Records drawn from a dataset
........
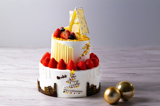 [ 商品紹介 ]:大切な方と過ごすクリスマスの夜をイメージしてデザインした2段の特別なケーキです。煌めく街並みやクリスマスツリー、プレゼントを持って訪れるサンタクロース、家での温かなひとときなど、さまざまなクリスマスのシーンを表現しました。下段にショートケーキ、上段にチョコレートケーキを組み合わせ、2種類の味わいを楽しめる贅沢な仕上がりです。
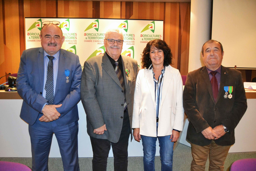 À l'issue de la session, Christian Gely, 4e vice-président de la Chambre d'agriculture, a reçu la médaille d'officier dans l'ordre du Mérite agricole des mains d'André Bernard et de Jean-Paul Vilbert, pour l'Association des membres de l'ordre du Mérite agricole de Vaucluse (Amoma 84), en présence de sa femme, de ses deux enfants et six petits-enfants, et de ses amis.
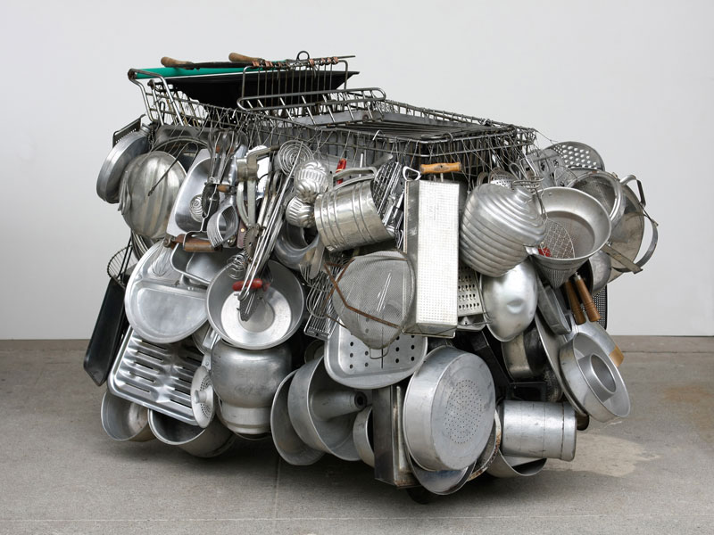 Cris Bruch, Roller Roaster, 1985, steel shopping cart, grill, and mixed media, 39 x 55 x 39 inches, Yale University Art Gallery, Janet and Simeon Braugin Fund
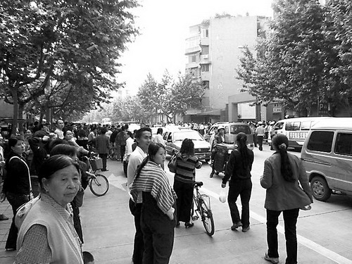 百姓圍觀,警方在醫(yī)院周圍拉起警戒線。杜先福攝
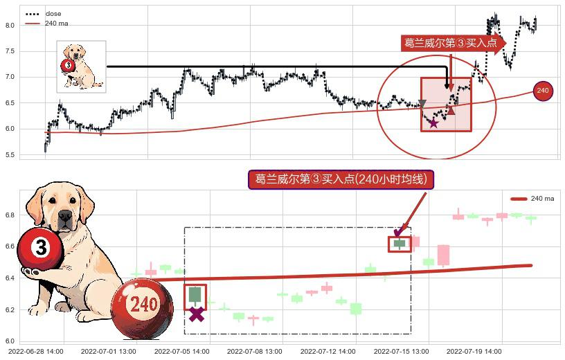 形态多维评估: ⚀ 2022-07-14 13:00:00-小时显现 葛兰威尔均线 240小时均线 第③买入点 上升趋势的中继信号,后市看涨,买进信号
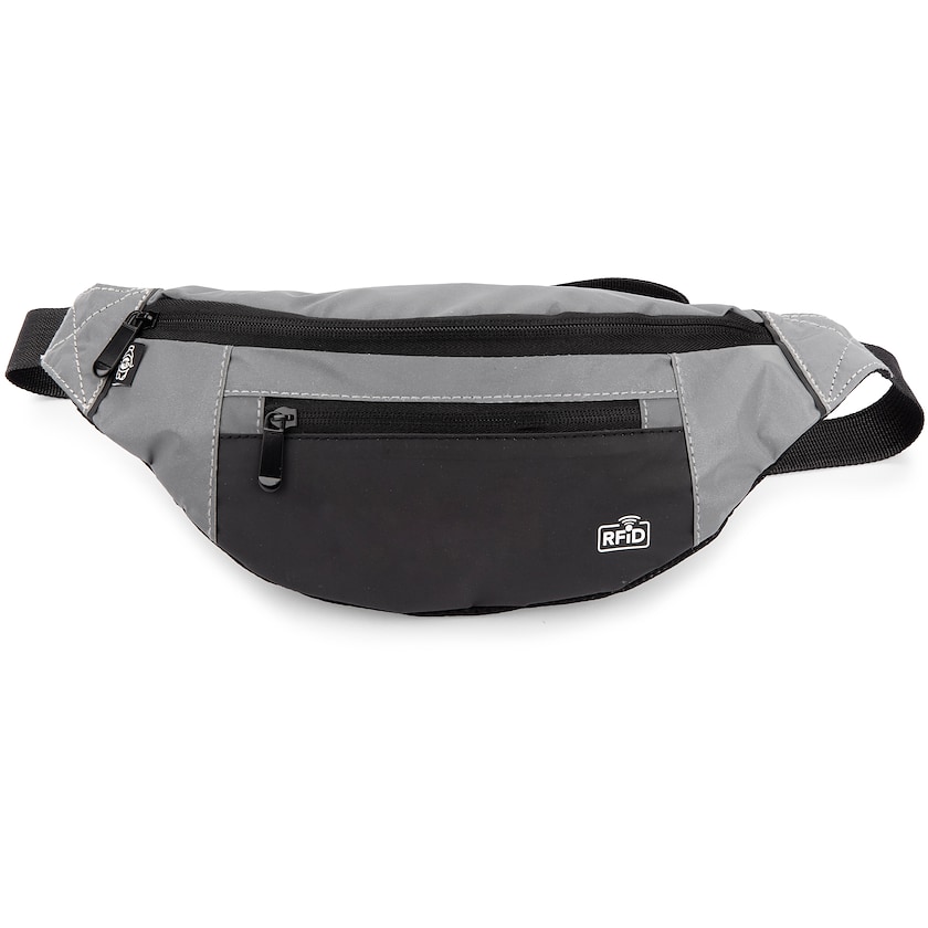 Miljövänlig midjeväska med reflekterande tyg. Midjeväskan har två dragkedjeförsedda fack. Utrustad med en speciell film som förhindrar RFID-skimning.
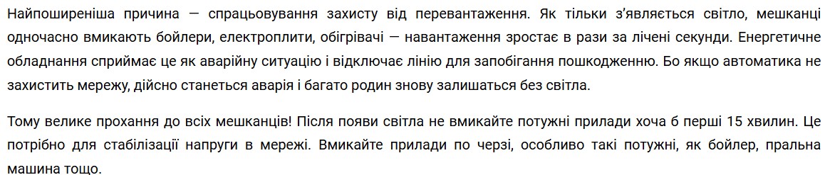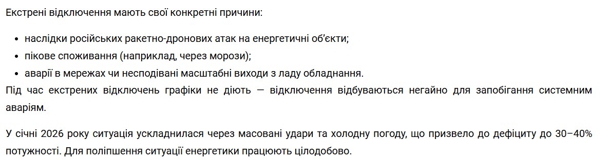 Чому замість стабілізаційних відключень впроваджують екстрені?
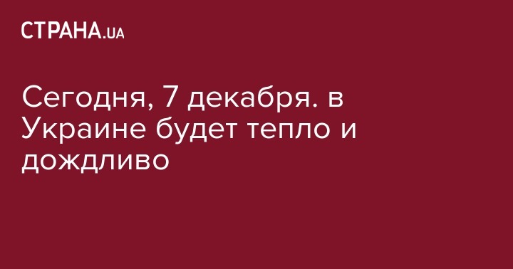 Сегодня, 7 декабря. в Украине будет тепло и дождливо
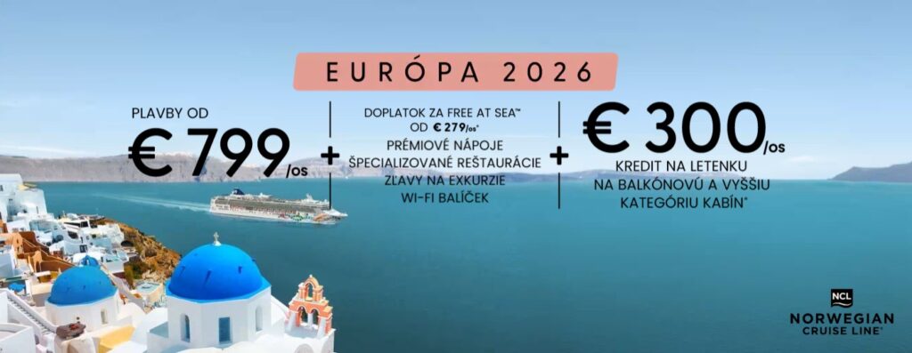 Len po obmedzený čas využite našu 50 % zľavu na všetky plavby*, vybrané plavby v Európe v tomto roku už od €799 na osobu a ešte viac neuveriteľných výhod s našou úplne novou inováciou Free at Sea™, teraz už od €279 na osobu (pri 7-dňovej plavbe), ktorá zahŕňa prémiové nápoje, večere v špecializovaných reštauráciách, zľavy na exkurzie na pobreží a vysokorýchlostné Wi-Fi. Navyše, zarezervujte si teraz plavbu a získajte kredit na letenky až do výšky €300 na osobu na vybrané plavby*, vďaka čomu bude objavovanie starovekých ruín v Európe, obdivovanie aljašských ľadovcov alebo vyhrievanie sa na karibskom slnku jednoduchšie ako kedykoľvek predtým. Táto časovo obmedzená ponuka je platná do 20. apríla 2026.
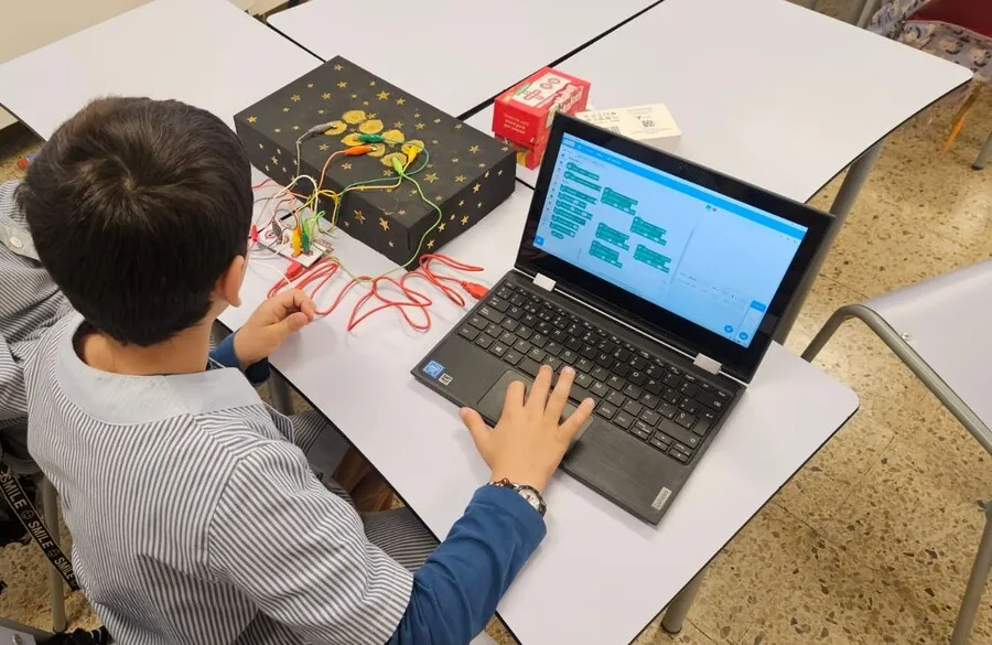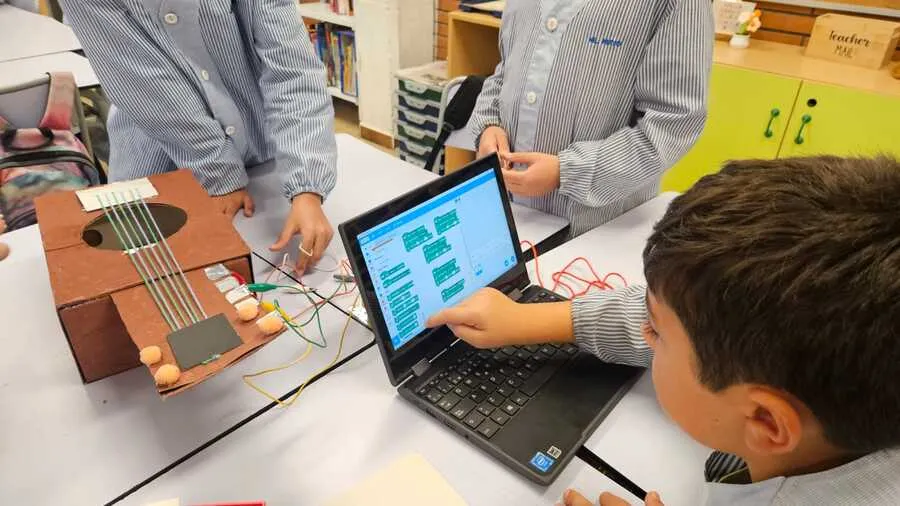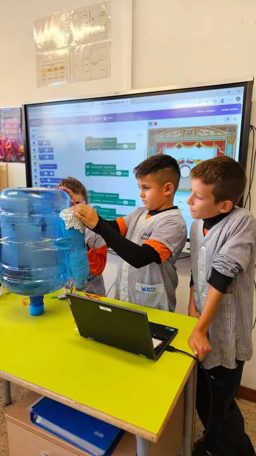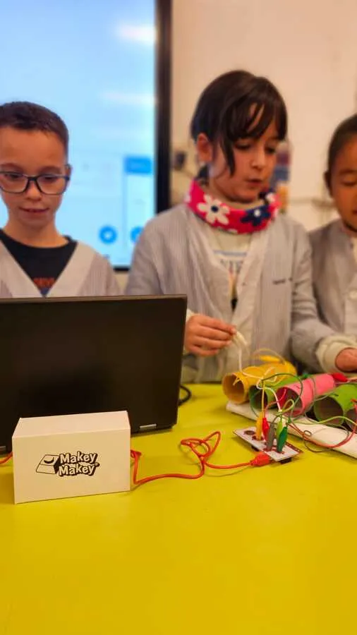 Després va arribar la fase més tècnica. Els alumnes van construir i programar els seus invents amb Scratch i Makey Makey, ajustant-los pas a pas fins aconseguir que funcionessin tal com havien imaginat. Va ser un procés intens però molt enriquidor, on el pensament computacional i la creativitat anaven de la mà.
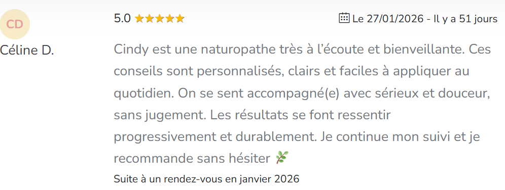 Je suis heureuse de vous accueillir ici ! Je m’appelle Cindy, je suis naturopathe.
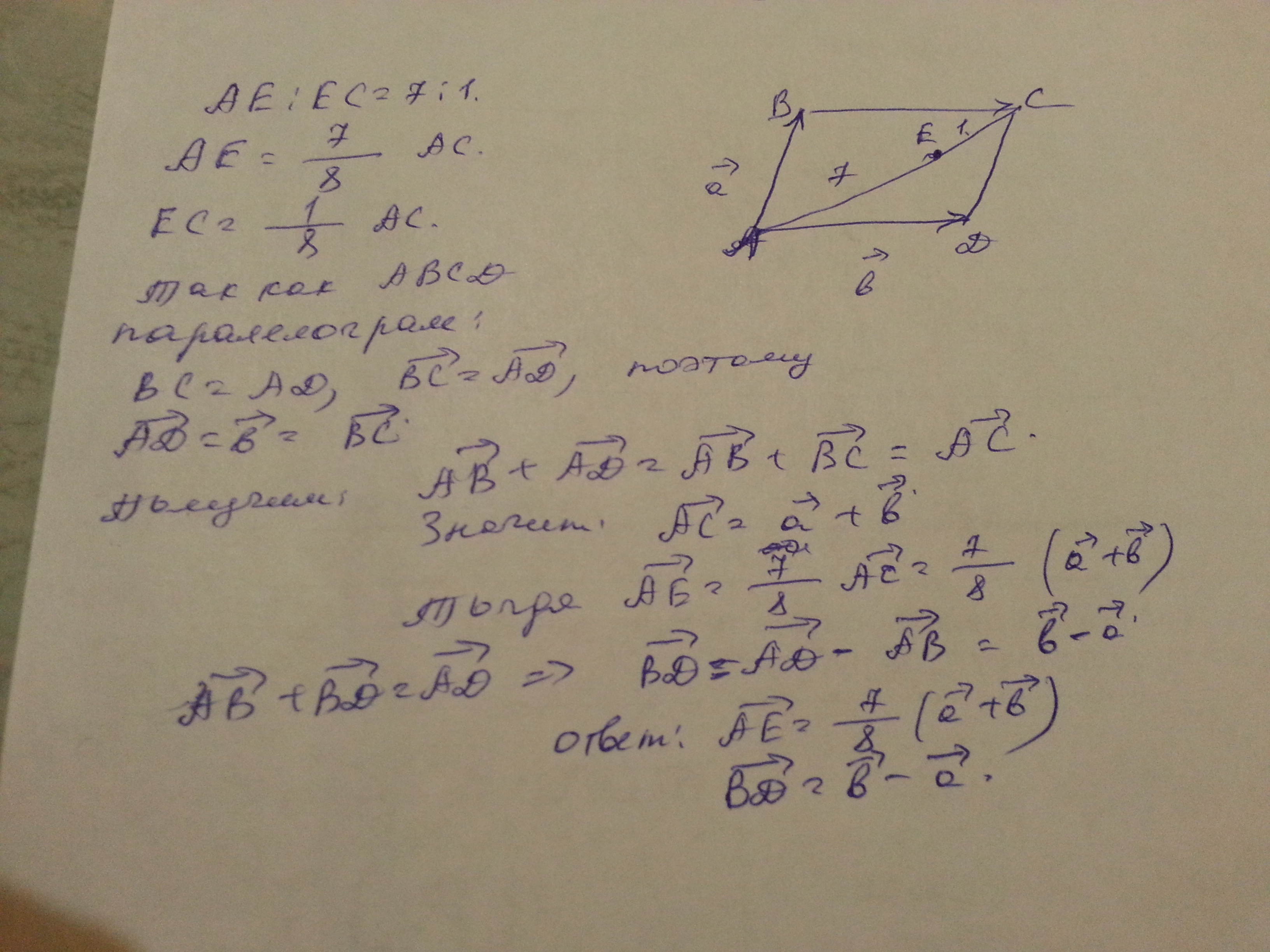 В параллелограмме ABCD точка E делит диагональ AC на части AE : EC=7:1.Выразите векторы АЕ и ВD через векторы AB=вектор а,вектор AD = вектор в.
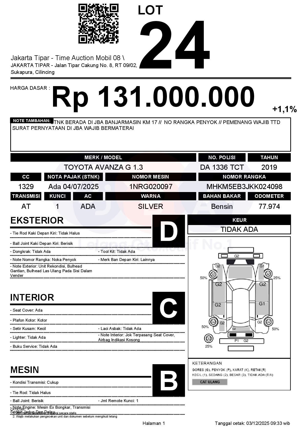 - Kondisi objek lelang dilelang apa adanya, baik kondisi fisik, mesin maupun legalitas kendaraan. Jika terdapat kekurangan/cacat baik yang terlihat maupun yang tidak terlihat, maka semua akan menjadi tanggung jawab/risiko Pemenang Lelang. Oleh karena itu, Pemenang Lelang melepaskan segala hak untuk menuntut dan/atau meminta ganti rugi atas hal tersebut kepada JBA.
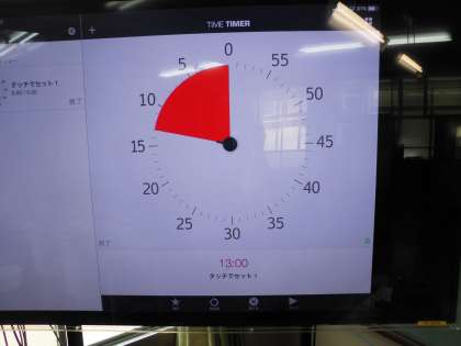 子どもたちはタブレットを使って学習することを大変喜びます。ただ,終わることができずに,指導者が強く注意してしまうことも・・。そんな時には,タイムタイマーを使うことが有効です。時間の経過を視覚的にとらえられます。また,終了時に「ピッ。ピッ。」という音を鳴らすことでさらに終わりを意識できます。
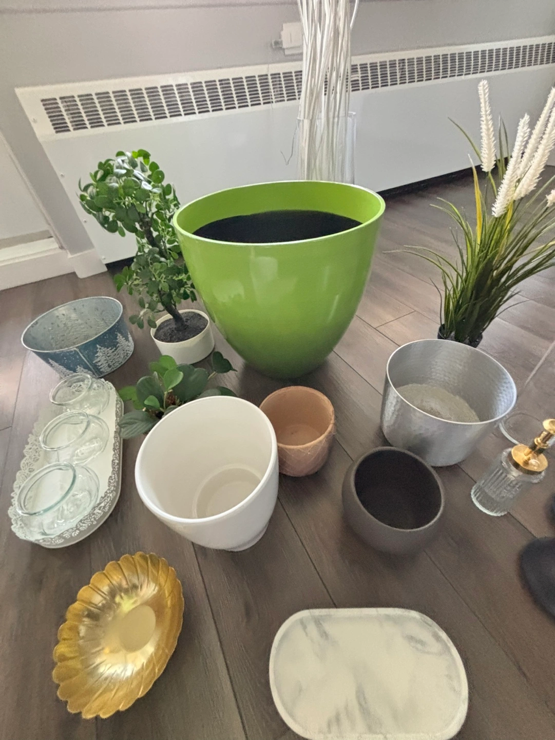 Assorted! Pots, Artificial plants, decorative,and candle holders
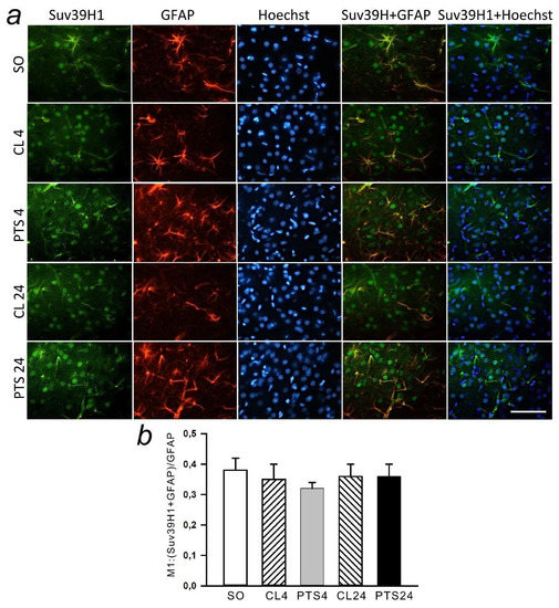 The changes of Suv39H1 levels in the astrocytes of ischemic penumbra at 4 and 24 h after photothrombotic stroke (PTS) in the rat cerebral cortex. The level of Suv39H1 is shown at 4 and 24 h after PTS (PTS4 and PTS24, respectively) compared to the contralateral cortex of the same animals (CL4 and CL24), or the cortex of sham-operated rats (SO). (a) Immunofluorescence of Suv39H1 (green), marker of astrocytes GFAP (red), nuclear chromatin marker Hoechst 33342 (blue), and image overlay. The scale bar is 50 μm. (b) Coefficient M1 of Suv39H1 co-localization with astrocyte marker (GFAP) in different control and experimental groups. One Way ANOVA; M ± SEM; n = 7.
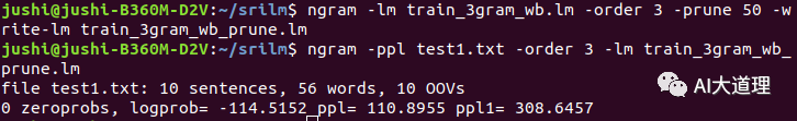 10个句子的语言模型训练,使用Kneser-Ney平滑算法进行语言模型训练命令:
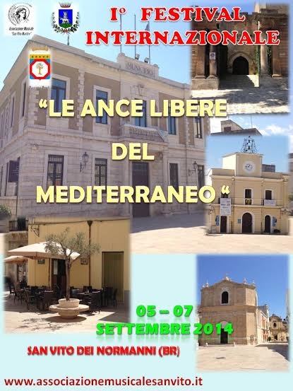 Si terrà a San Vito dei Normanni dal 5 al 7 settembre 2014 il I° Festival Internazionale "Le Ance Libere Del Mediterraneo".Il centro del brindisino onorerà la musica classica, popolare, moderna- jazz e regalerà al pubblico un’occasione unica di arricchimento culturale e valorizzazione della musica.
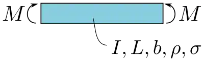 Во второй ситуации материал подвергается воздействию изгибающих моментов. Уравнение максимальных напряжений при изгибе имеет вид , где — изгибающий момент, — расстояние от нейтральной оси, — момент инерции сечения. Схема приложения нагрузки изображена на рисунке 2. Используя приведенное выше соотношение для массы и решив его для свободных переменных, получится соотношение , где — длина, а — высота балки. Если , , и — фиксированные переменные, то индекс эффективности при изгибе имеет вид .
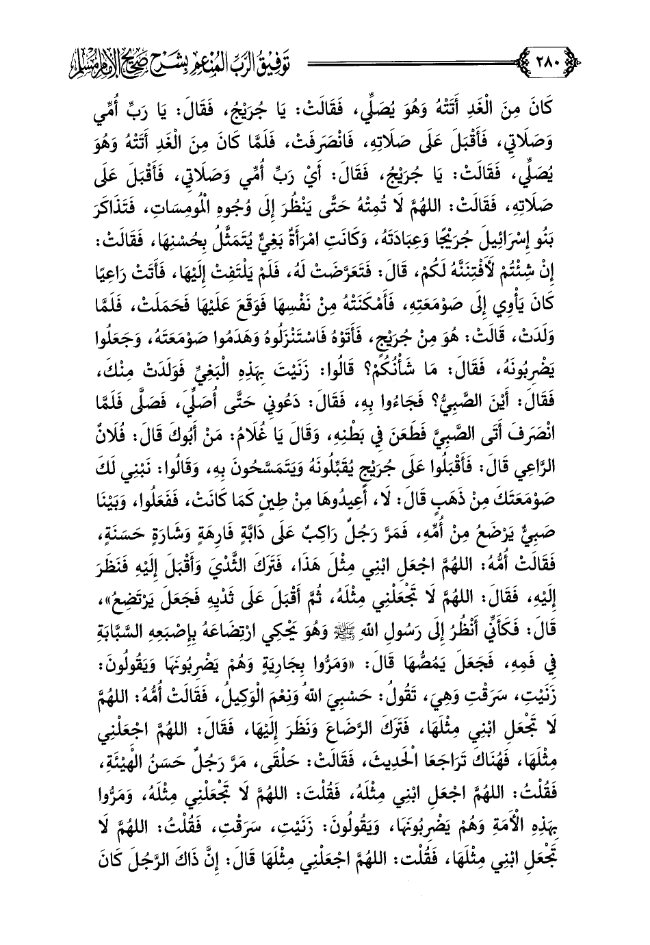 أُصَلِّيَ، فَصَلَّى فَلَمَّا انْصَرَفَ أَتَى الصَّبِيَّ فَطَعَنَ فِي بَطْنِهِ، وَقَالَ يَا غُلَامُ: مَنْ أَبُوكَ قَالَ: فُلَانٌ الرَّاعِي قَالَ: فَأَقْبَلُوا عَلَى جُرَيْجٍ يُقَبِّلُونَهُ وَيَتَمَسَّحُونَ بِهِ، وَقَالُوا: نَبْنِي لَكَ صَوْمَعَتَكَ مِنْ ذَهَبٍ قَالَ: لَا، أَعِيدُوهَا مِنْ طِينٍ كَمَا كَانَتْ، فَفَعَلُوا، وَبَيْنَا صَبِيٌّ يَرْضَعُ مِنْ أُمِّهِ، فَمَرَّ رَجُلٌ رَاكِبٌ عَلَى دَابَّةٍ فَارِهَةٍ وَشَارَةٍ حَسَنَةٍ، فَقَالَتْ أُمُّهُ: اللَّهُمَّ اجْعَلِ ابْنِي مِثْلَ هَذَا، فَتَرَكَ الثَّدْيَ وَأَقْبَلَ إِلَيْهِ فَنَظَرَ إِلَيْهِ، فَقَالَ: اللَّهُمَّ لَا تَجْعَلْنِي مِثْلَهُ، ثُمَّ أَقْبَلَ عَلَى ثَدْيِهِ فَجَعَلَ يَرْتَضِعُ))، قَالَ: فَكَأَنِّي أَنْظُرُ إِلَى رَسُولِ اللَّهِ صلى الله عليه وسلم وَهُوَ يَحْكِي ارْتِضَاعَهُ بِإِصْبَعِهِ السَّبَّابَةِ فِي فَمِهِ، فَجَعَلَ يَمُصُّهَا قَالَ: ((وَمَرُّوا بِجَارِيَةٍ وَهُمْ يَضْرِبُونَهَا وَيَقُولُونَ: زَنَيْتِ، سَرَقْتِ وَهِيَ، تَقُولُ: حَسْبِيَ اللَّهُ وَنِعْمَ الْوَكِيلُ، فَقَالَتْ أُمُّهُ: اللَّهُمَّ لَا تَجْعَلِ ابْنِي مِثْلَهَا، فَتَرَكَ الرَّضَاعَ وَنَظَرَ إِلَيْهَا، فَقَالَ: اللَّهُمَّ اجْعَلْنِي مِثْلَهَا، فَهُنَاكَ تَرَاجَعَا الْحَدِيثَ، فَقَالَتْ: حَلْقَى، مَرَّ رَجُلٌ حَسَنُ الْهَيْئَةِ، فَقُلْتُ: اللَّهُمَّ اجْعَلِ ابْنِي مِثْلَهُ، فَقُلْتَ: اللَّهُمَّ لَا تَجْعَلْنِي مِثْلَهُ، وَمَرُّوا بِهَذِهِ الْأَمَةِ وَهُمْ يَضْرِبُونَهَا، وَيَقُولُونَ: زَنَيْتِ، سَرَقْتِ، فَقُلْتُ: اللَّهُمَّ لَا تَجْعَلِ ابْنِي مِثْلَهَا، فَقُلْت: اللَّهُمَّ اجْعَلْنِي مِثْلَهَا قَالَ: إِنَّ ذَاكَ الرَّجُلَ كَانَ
........
§ **Work request**:
Exactly reproduce the lines above, starting at the one that contains "百姓圍觀,警方在醫(yī)院周圍拉起警戒線。杜先福攝" and ending at the one that contains "Miljövänlig midjeväska med", both inclusive; leave the pictures out and add no other lines.

§ **Task response**:
 百姓圍觀,警方在醫(yī)院周圍拉起警戒線。杜先福攝
 形态多维评估: ⚀ 2022-07-14 13:00:00-小时显现 葛兰威尔均线 240小时均线 第③买入点 上升趋势的中继信号,后市看涨,买进信号
 Miljövänlig midjeväska med reflekterande tyg. Midjeväskan har två dragkedjeförsedda fack. Utrustad med en speciell film som förhindrar RFID-skimning.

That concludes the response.